Eles também estão proibidos
de obter vantagens financeiras
pela comercialização de medicamentos, órteses e próteses.
Hoje, é comum a venda de
medicamentos e de outros produtos em várias áreas da medicina, como em clínicas de reprodução assistida ou em consultórios dermatológicos.
Muitos médicos, especialmente das áreas de cirurgia cardiovascular, cirurgia plástica,
neurocirurgia, oftalmologia e
ortopedia, também recebem
comissões da indústria por indicarem seus produtos.
Segundo um ortopedista de
São Paulo, que pediu para não
ser identificado, o custo do material usado em uma cirurgia de
coluna, por exemplo, varia entre R$ 20 mil e R$ 100 mil. A comissão de alguns médicos para
a indicação de determinada
prótese ou implante, por exemplo, seria de 10% a 20% do valor
do produto comercializado.
O novo código de ética não
vai proibir que os médicos recebam brindes ou viajem bancados pela indústria farmacêutica, mas determinará que eles
revelem esse conflito de interesse antes de apresentações
em congressos, por exemplo, e
em publicações científicas.
"Não dá para colocar um artigo dizendo que é proibido um
professor ser garoto propaganda da indústria farmacêutica.
Se a pessoa declara que é paga
pela indústria farmacêutica,
quem faz o julgamento é quem
a ouve", diz Roberto D'Ávila,
coordenador da comissão responsável pela revisão do Código de Ética Médica.
Para ele, o caminho é tornar
transparentes essas relações
conflituosas. "De qualquer forma, foi um avanço nessa discussão que, até então era muito
escamoteada, muito hipócrita.
E o paciente é o único prejudicado nessa relação conflituosa", reforça D'Ávila.

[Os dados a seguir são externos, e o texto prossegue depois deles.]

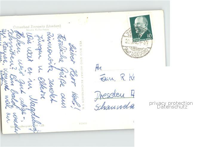 72413255 alte Postkarte Zinnowitz Ostseebad Neues Kulturhaus postalisch gelaufen Erhaltung siehe scans KatCode: 11110013059107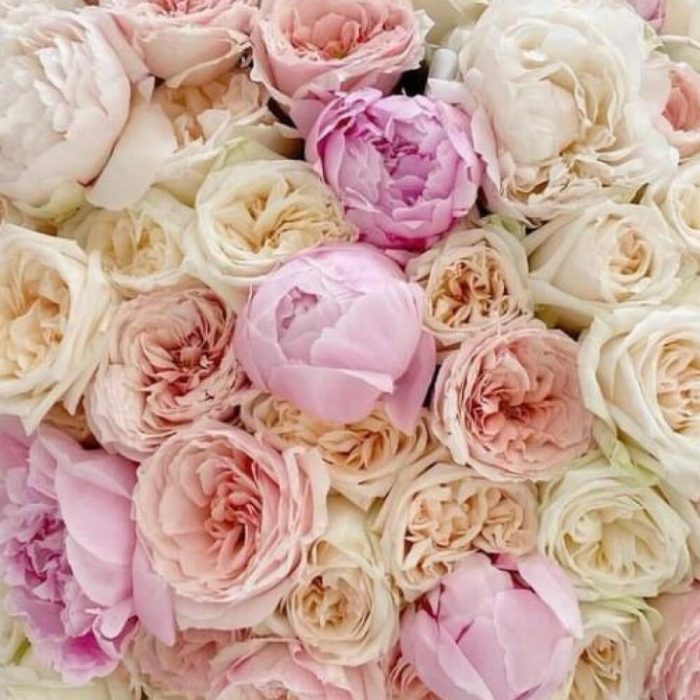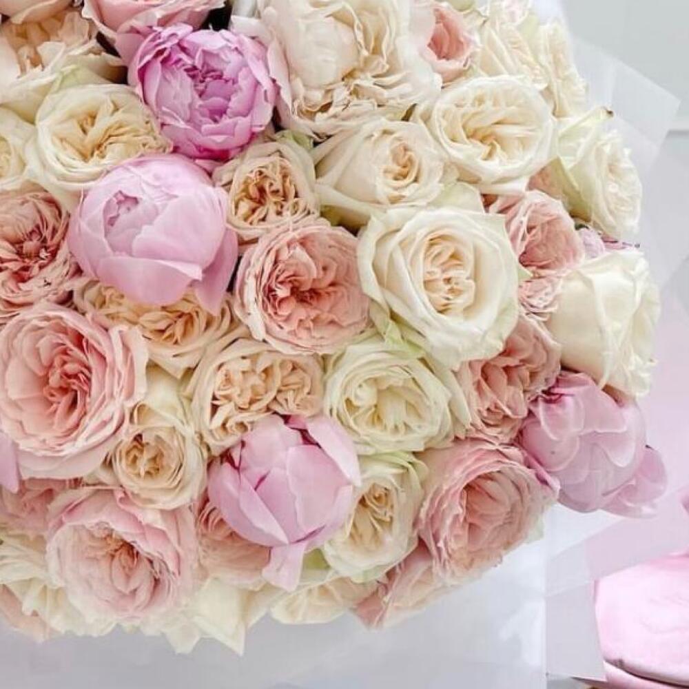 Пион розовый – 9 шт.розы пионовидные – 42 шт.Упаковка дизайнерская – 2 шт.Лента атласная – 2 шт.Открыточка с вашими пожеланиями – 1 шт.хорошее настроение – 100 шт.инструкция по уходу за цветами – 1 шт.коробка переноска – 1 шт.Кризал – 1 шт.

O conselheiro Ylmar Corrêa
Neto, também membro da comissão, lembra que o conflito
de interesse é um assunto antigo na história da medicina - a
primeira citação, de Aristóteles, data de 2.500 anos atrás- e
não necessariamente configura
uma infração ética. Um subsídio para um congresso médico,
por exemplo, em que o profissional vai se atualizar e poderá
reverter isso em benefício do
paciente, não seria antiético.
"O interesse deve ser sempre
a saúde do paciente. Quando há
um desvio para o interesse secundário, passa a ser corrupção
médica", explicou Corrêa Neto,
durante conferência anteontem em São Paulo.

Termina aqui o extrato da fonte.